MP: I think everybody that played in the Olympics had a great experience there. We bonded and we were together for awhile. We have a special bond, and I think we'll always remember that experience together. I think that translates also to on the field performances. It's just easier when you've played with people before, just knowing little tendencies and how they like the ball and what runs they make. It's a younger group here and that's why there's a few of us from the Olympic team together. Everybody on this team has great chemistry, and I think that's something that the younger guys brought from the Olympic team. We had a strong bond there and that has continued here. In 2007 the U.S. won its first two group games en route to finishing top of the group. What do you take from that experience in 2009, where we've had similar results in our first two games?
MP: Most important right now is us finishing first in the group. We want the best path to the final and that means less travel and possibly an easier matchup in the quarterfinals. We need to go out and get at least a draw to clinch first place. From there it's just keeping the mentality of "if you lose you go home." I think most of us have been in that situation before, whether it be playoffs, Olympics or other instances. We all know what it takes, and what it will take, once we get to those stages to continue moving on. We all know we're capable of getting to the final and doing well, so those are the expectations.

Post-Game Sound

Watch the exclusive post-game reaction from the MNT following the 2-0 win against Honduras.

In Case You Blinked - We're in Boston!

With a flight time of 56 minutes, the team moved from outside Washington, D. C., to the suburbs of Boston this afternoon, already approaching 48 hours prior to kickoff for the third group game. Shared a plane with Haiti once again, although this time it was the U.S. team in the back of the bus.
Mostly reading and card-playing on the flight, and we are now minutes away from arriving at the team hotel to begin the pre-game routine that kicks in t-minus two days.

Scratch that - we're here ...

Keeping It Clean Since 2005

With the 2-0 shutout last night, the U.S. extended its shutout streak in Gold Cup group play to 702 minutes spanning seven-plus matches and three tournaments.

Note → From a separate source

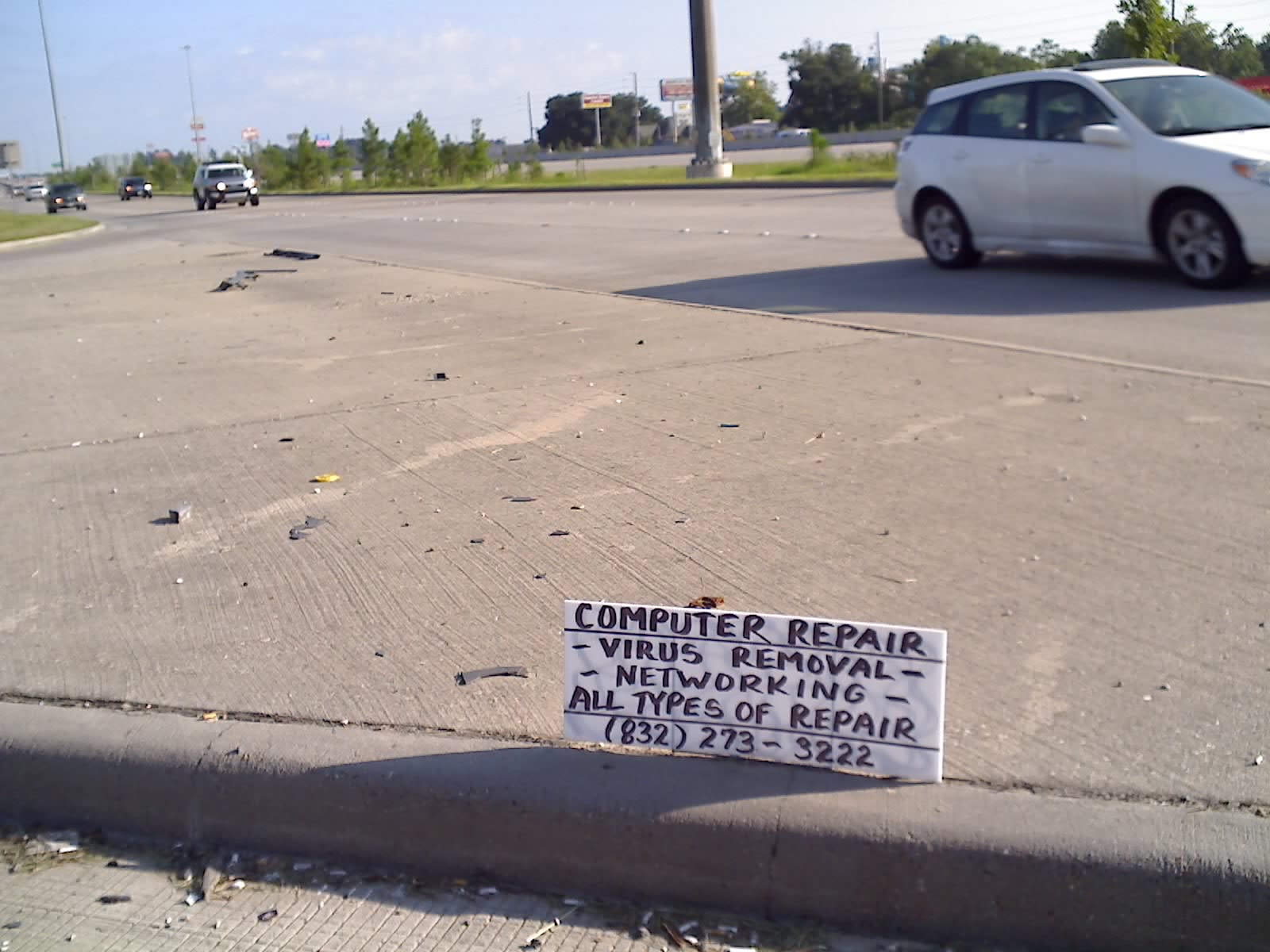 16 September 2007 High tech service – low tech marketing Computer repair marketing on the side of I-45. Share this Twitter Facebook EmailShare Click to share on X (Opens in new window) X Click to share on Facebook (Opens in new window) Facebook Click to email a link to a friend (Opens in new window) Email Like Loading... Related

The last goal scored against the United States came in the 18th minute of the 4-1 win against Cuba on July 7, 2005, in Seattle. Goalkeepers contributing to the cause include Marcus Hahnemann and Kasey Keller (2005), Keller and Tim Howard (2007), and Troy Perkins (2009).

On the flip side, the U.S. has scored 19 goals during the shutout streak through 11 different goalscorers.

Wednesday, July 8, 2009

Homecoming King

What a fantastic night for Santino Quaranta. The D.C. United man has climbed a personal mountain the last three years, and to have his national team career resurrected in front of his friends and family was truly special. Players and staff were quick to congratulate 'Tino on a very emotional night.

He also helped remove a monkey off the back of his home ground, RFK having the dubious distinction of hosting the last U.S. defeat at home against a CONCACAF opponent, which came Sept. 1, 2001, also against Honduras.